> _What to do_: Find the line containing "Жіночий шкіряний гаманець", then return it and every line after it through the end of the records, exactly. Leave out pictures.

Collection entries
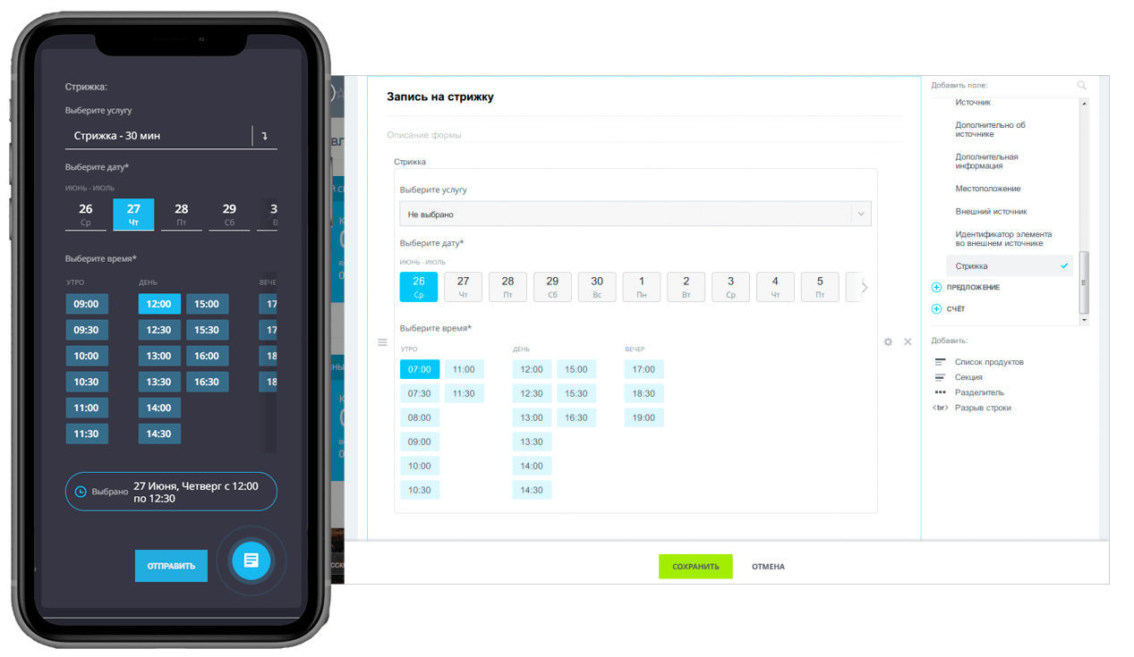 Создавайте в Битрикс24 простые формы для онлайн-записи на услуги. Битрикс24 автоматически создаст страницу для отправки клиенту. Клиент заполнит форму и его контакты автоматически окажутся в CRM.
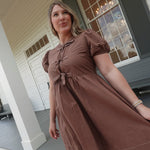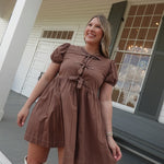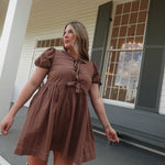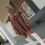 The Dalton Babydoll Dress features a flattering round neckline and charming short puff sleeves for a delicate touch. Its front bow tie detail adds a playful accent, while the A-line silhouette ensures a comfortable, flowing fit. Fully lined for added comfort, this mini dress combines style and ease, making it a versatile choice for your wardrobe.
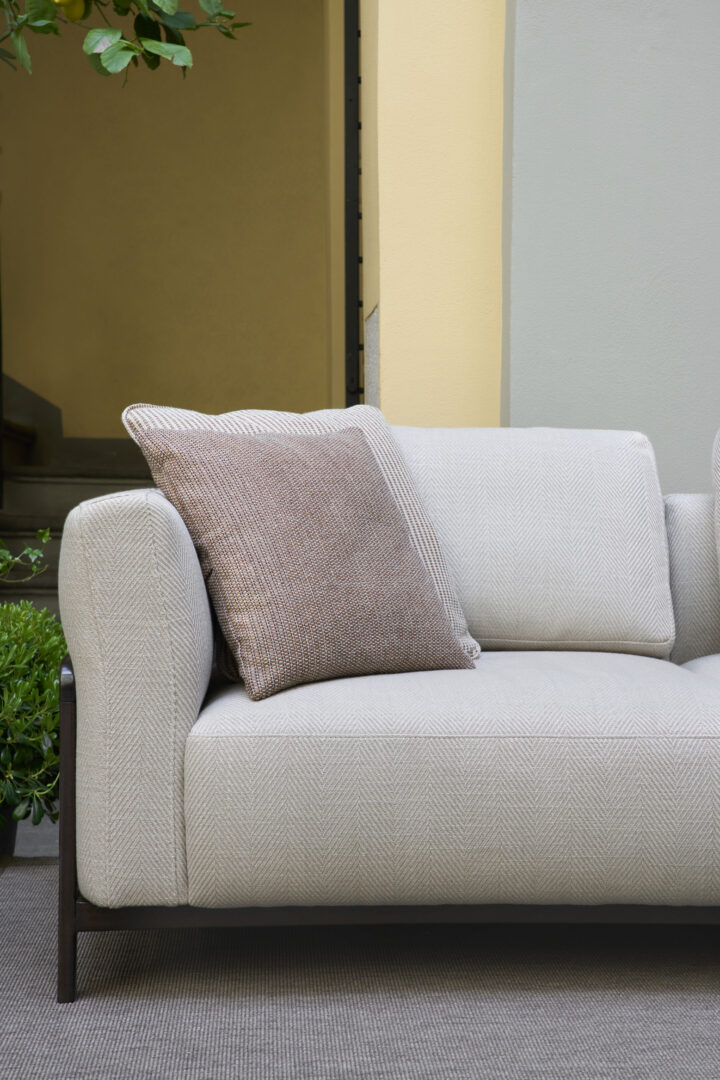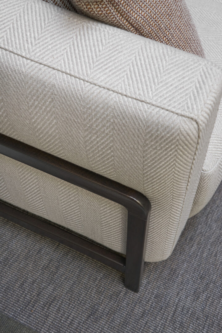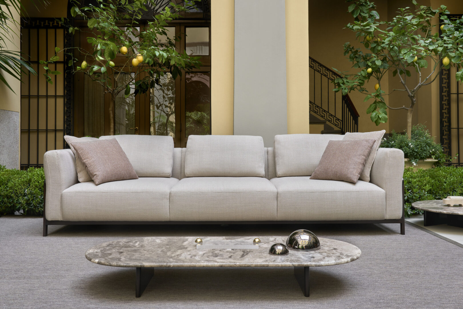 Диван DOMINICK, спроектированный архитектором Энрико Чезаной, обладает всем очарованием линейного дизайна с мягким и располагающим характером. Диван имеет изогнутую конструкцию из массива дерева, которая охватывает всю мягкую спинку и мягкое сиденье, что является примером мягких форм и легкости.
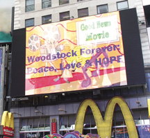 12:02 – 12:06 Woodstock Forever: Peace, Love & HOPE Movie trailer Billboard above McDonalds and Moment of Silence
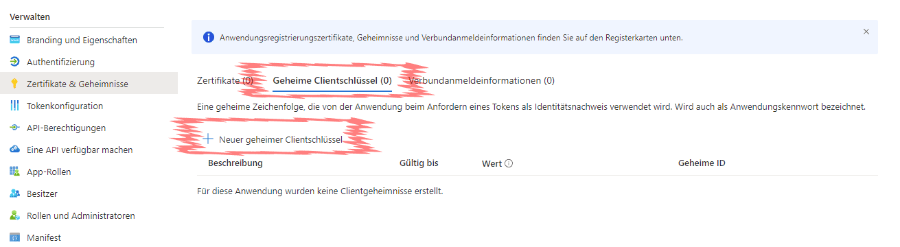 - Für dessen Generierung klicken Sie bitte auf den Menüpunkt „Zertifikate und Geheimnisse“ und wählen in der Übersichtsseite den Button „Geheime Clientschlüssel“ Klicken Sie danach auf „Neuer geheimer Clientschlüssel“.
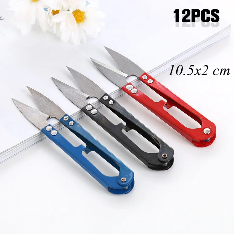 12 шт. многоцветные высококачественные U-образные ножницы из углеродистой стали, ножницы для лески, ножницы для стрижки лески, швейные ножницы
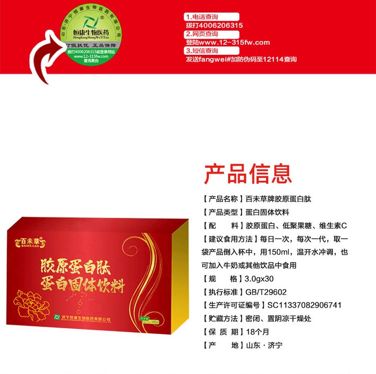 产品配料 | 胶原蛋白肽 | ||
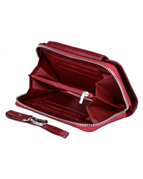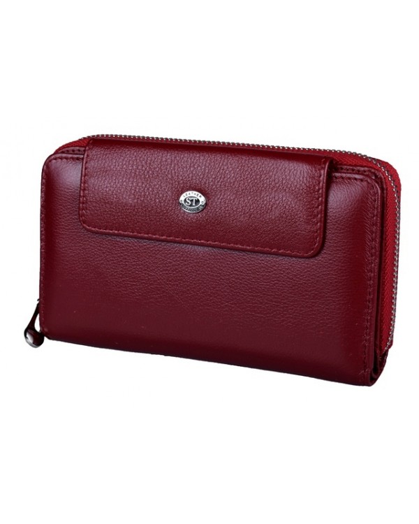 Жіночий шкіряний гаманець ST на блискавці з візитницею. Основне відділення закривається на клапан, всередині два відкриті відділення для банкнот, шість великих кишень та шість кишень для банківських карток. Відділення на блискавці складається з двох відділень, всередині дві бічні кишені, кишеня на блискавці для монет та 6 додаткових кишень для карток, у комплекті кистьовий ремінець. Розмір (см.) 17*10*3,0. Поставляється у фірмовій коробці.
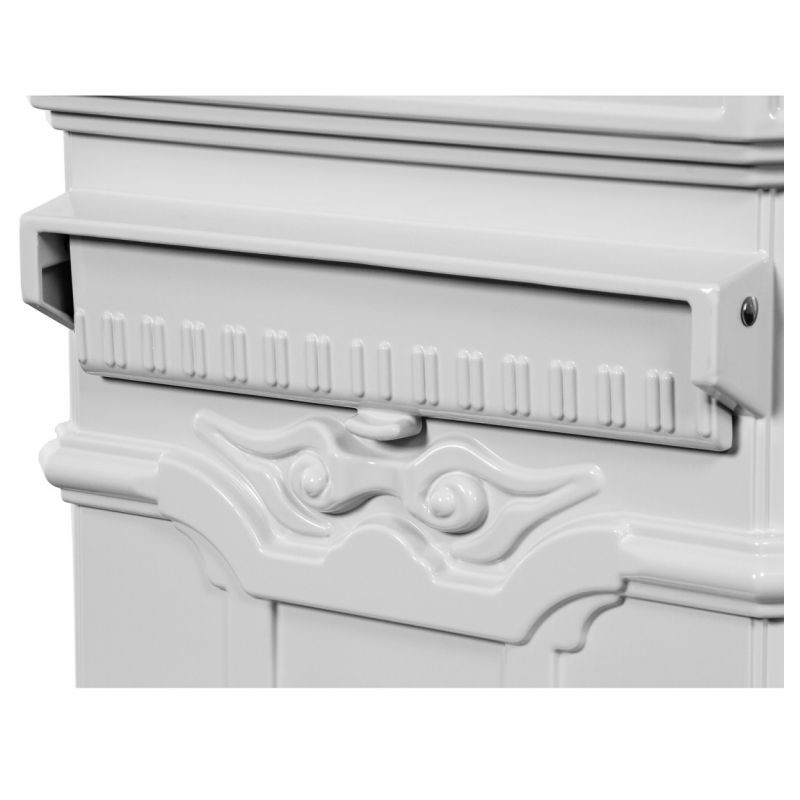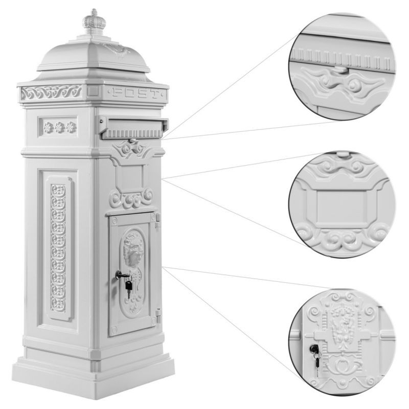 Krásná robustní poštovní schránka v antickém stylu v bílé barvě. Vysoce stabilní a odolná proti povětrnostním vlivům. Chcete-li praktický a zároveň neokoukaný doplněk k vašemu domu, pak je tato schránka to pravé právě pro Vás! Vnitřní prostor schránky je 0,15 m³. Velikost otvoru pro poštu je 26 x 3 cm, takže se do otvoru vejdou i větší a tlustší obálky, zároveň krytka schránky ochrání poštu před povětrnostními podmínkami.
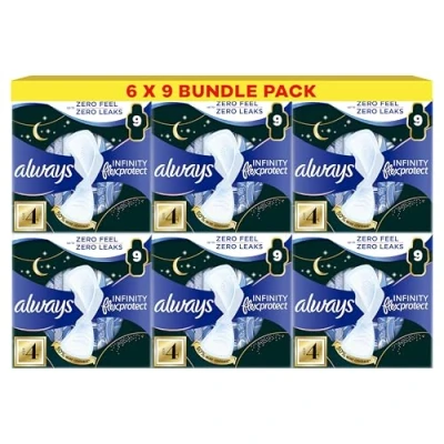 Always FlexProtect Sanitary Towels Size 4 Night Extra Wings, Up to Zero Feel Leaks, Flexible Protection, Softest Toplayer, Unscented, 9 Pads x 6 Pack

> _Answer to the exercise_:
 Жіночий шкіряний гаманець ST на блискавці з візитницею. Основне відділення закривається на клапан, всередині два відкриті відділення для банкнот, шість великих кишень та шість кишень для банківських карток. Відділення на блискавці складається з двох відділень, всередині дві бічні кишені, кишеня на блискавці для монет та 6 додаткових кишень для карток, у комплекті кистьовий ремінець. Розмір (см.) 17*10*3,0. Поставляється у фірмовій коробці.
 Krásná robustní poštovní schránka v antickém stylu v bílé barvě. Vysoce stabilní a odolná proti povětrnostním vlivům. Chcete-li praktický a zároveň neokoukaný doplněk k vašemu domu, pak je tato schránka to pravé právě pro Vás! Vnitřní prostor schránky je 0,15 m³. Velikost otvoru pro poštu je 26 x 3 cm, takže se do otvoru vejdou i větší a tlustší obálky, zároveň krytka schránky ochrání poštu před povětrnostními podmínkami.
 Always FlexProtect Sanitary Towels Size 4 Night Extra Wings, Up to Zero Feel Leaks, Flexible Protection, Softest Toplayer, Unscented, 9 Pads x 6 Pack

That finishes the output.